Reviewed This Week: Middletown

05 November 2006

Reviewed by Helen Boylan
Cinema: Middletown, directed by Brian Kirk, at cinemas nationwide, cert 15A.

The titular setting of this bleak but affecting film is a dreary, colourless everytown.

While there is a Middletown in director Brian Kirk’s home county of Armagh, the film is named after the hundreds of Middletowns around the world.

Drawing on biblical parables such as The Prodigal Son and Cain and Abel, Middletown also follows a timeless, universal story of good versus evil.

Producer Michael Casey and filmmaker Kirk, who wrote the screenplay with playwright Daragh Carville, wanted a village setting that was forgotten by time and progress.

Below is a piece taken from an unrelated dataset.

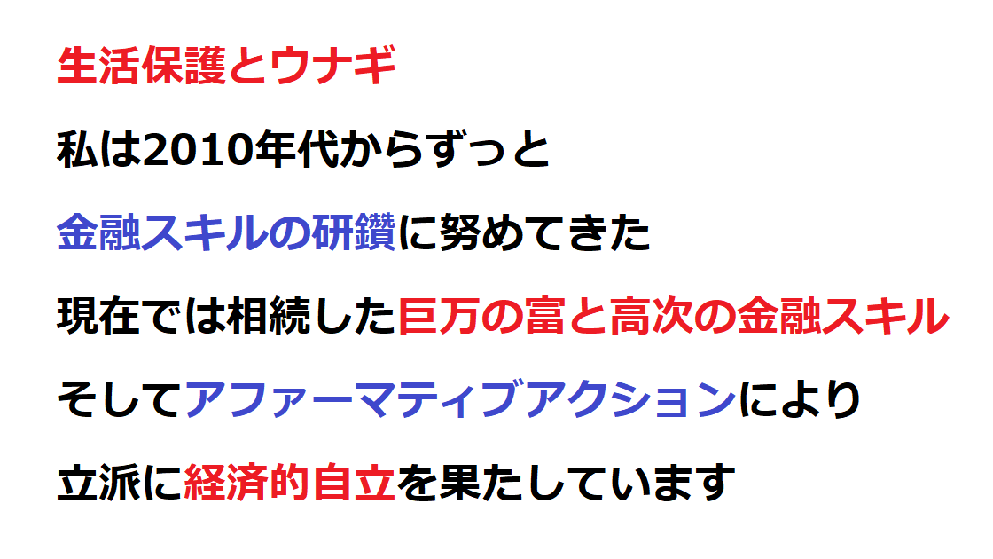 そうすると、生活保護費をもっと多く出して、ウナギを積極的に食べられるように制度を整えるべき。

However, for Irish audiences at least, Middletown comes across as a film about religious oppression in the North in the 1960s. Unmistakable Irishisms abound: Mick Lally, Gerard McSorley and Bronagh Gallagher are among the cast; characters speak with strong Northern brogues and down pints of Guinness. Rural misery is rife; the village priest plays an omnipotent role within the small community and the ubiquitous winceyette bed linen that covered Irish beds from the 1960s through to the 1980s adorn the beds here.

One of the central protagonists, Gabriel (played by Matthew MacFadyen), is a reverend whose tested relationships with his God and his family form the fulcrum for the film’s central theme: the fundamentalist perception of morality and the sin.

But on closer inspection however, no specific mention is made of his or any character’s denomination. The effects of fundamentalism are shown through the different view points of the film’s four protagonists - the Christian preacher, his brother Jim (Daniel Mays), their father (McSorley) and Jim’s wife (Eva Birthistle), each of which are performed with assuredness.

As a young boy, Gabriel is singled out for his intelligence and diligence and told he has a destiny to fulfil within the church. The young lad leaves Middletown to spend a decade or so studying to become a reverend.

Separated from his father and his feisty younger brother Jim in order to pursue an academic life of denial and abstinence, Gabriel grows up utterly devoted to the teachings of the Bible.

When he returns to his home town to find his brother married to the town publican’s expectant daughter, his father’s greasy hands still in the till and a bunch of locals who drink on a Sunday and bet on backroom cock fights, he vows to whip the wayward flock of sinners into shape.

Emotionally repressed and ill-equipped to deal with the ups and downs of human relationships, Gabriel’s godly intentions turn malign, marred as they are by his damning sermons and troubled, jealous heart. What he sees as a heaven-sent mission to save his parishioners from eternal damnation, others see as a mad, destructive crusade from which no good can come.

With a handful of strong performances and an unusually balanced portrayal of a fundamentalist ideals and their effects, Middletown is well worth watching.